Maybe I am a little nutty, but I wont to know if I am the only one. Yes I know meat has flavor. I taste it whenever my wife cooks, we eat out or I get lucky and dont over cook something, which is actually happening more often.
But every now and then, as I cruise the meat aisle of the local grocery store I get a hankering for some over seasoned slightly burnt or over roasted meat. By over seasoning I mean I dump a mixture of whatever the spirit leads me to dump into my mortar and pestle it until I am coughing profusely. Coat the meat with EVOO and then sprinkle the seasonings on it, turn the burner on until the pan smokes a little bit and then in goes the meat. Cook until crusty on the bottom side, then flip and cook until no pink on the inside and crusty on pan side down. Let rest for awhile and dig in. My lamb last night was still pretty tender and juicy after this abuse.
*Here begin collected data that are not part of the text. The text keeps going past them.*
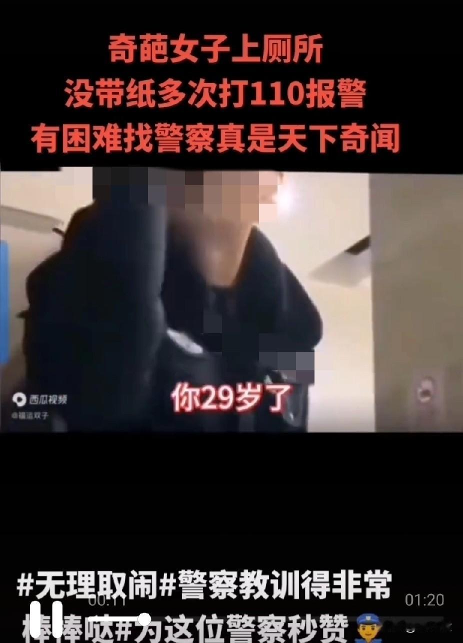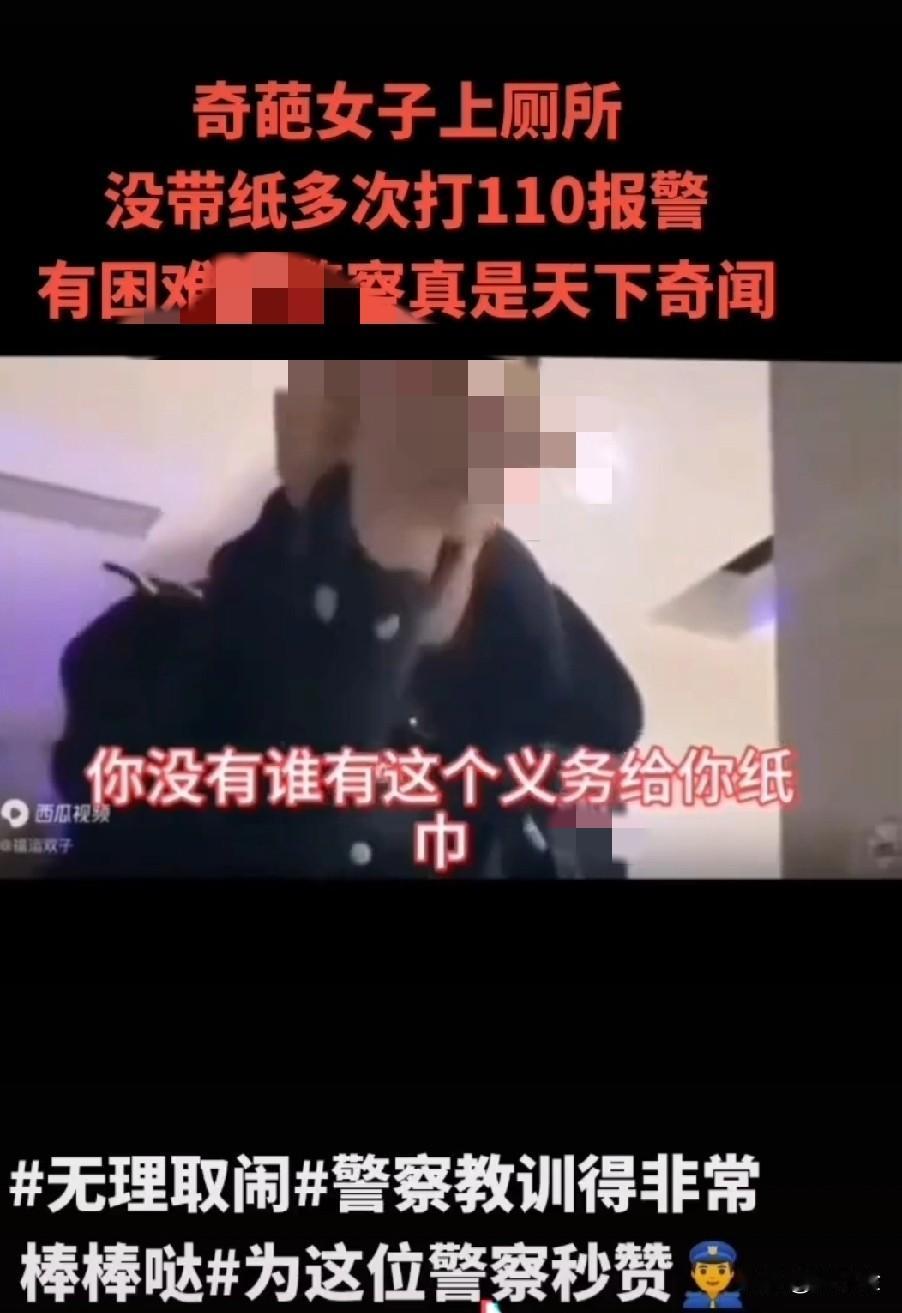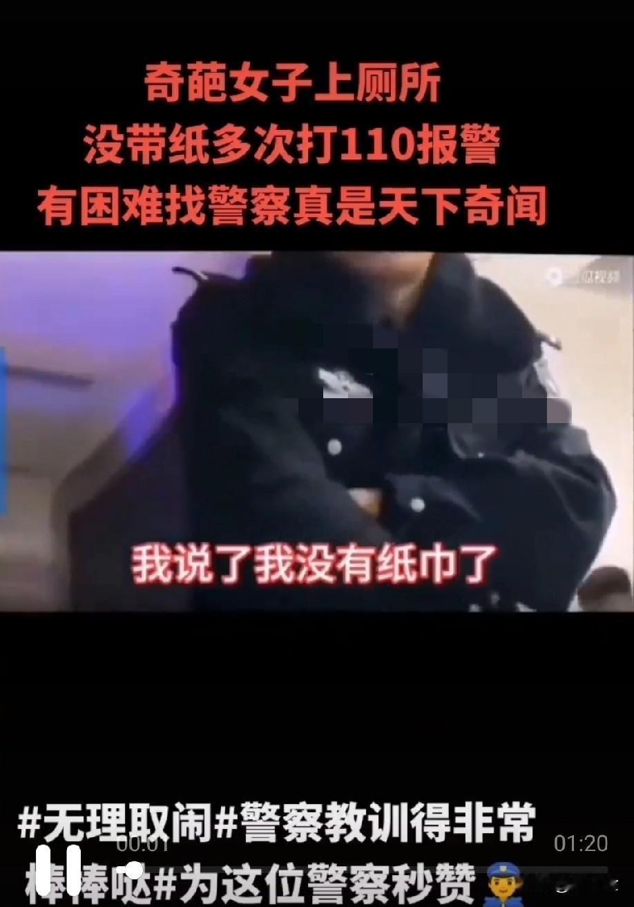 太奇葩了!女子上厕所没带纸,多次打110报警,还各种无理取闹! 女子:我没有纸巾了! 帽子叔叔:你没有纸巾就可以多次报警了! 女子:我没有纸巾了(撒娇,声音渐渐大了)! 帽子叔叔:你29岁了,出门上厕所不记得带纸? 女子:不是有困难小叔叔吗! 叔叔:你是在浪费警力你知道吗?还多次拨打! 女子:就让你们带纸怎么了! 叔叔:你可以去投诉,这么大人了,还这么儿戏! 看完为叔叔点个赞,女子真是太奇葩了,自己的错还要别人去买单,还无理取闹,不会有人惯着你!
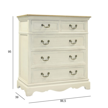 Kummut SAMIRA 5-sahtliga 86,5x39xH95cm, antiikvalge/naturaalne. Kummuti põhikonstruktsioon ja sokkel on valmistatud saarepuidust, MDF küljepaneelid. Kummut on viimistletud antiikvalge värviga. Kummuti pealmine MDF plaat on kaetud naturaalse paulownia spooniga. Metallist käepidemetega sahtlid on ilma siinideta.
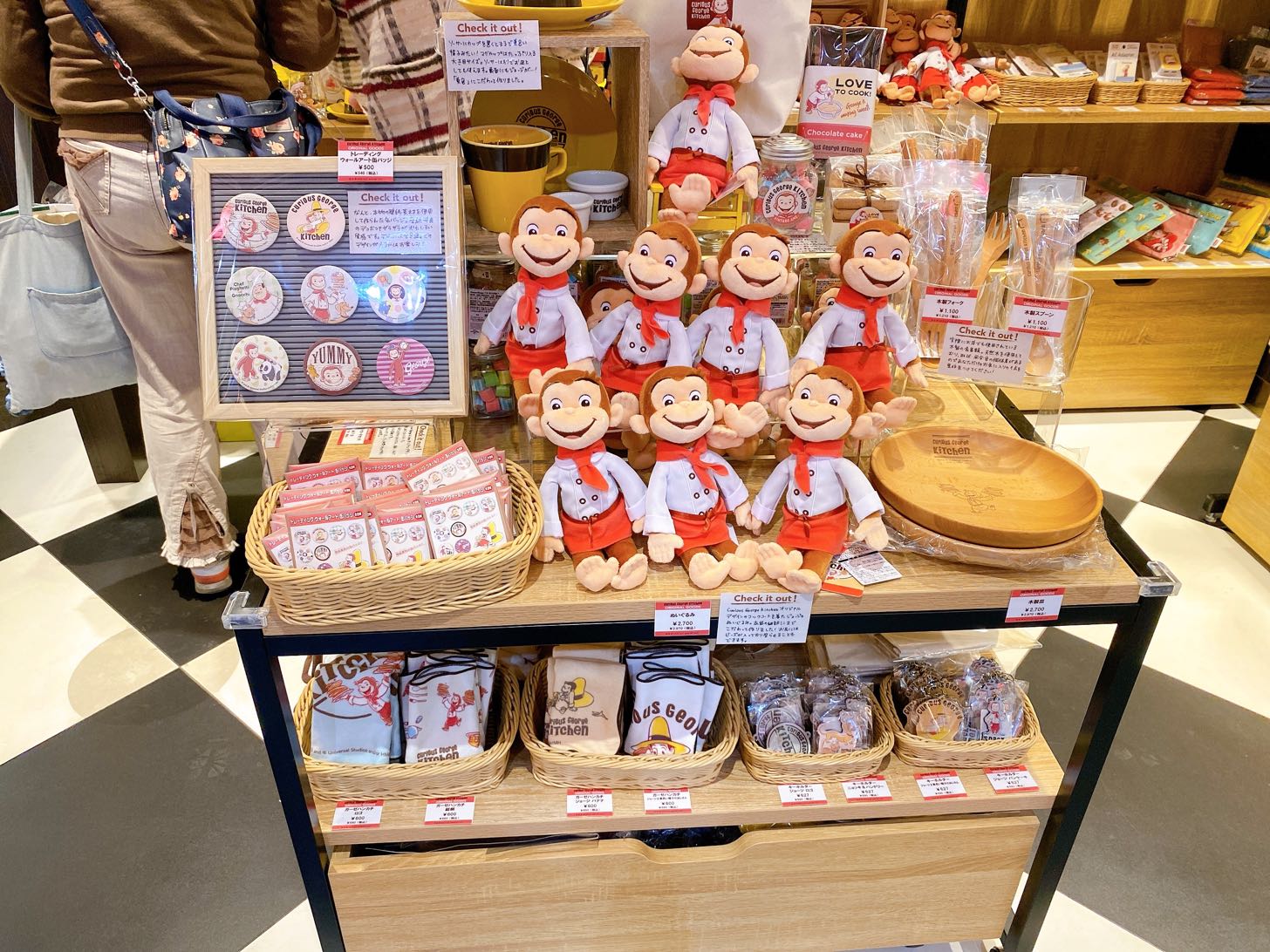 物販エリアは、「おさるのジョージ」キッチンオリジナルのグッズがいっぱい!
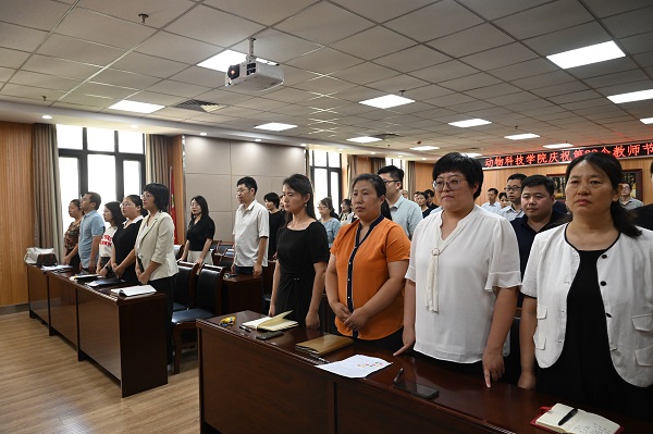 本次会议在雄壮的国歌中拉开序幕。副院长酒梅菊宣读了2022—2023学年校级以上先进个人名单和《黄网

I first got a notion to do this when I lived on the farm a few years ago, in the winter, when I prepped the meat as above and then put the CI pan in the fireplace, (fireplace insert with doors) and cooked until I thought it was done.

Anybody else do something similar?


----------



## Uncle Bob (Sep 1, 2007)

What you are doing reminds me of 'blackening" a technique made famous in New Orleans.
Where fish/meats are highly seasoned and cooked in a smoking hot cast iron pan. The results can be very tasty if properly done. For a while several years ago, just about every restaurant I went in had at least one blackened entree on the menu if not two or three. Now I see it less and less.


Enjoy!!


----------



## Fisher's Mom (Sep 1, 2007)

Oh, Uncle Bob, for a while, every entree was a blackened something or other here in Texas. It does seem to have died down a little but it's still a mainstay in restaurants here.


----------



## AllenOK (Sep 1, 2007)

I was thinking the same thing....

I even have a warning on my recipe for Blackened Seasoning to "not breathe in the dust cloud" after you mix it or pour it into a container.

It doesn't make me cough, but it will make me sneeze.


----------



## Lexi1989 (Sep 1, 2007)

I love blackened, cajun salmon to the point where the seasoning makes me sneeze...


----------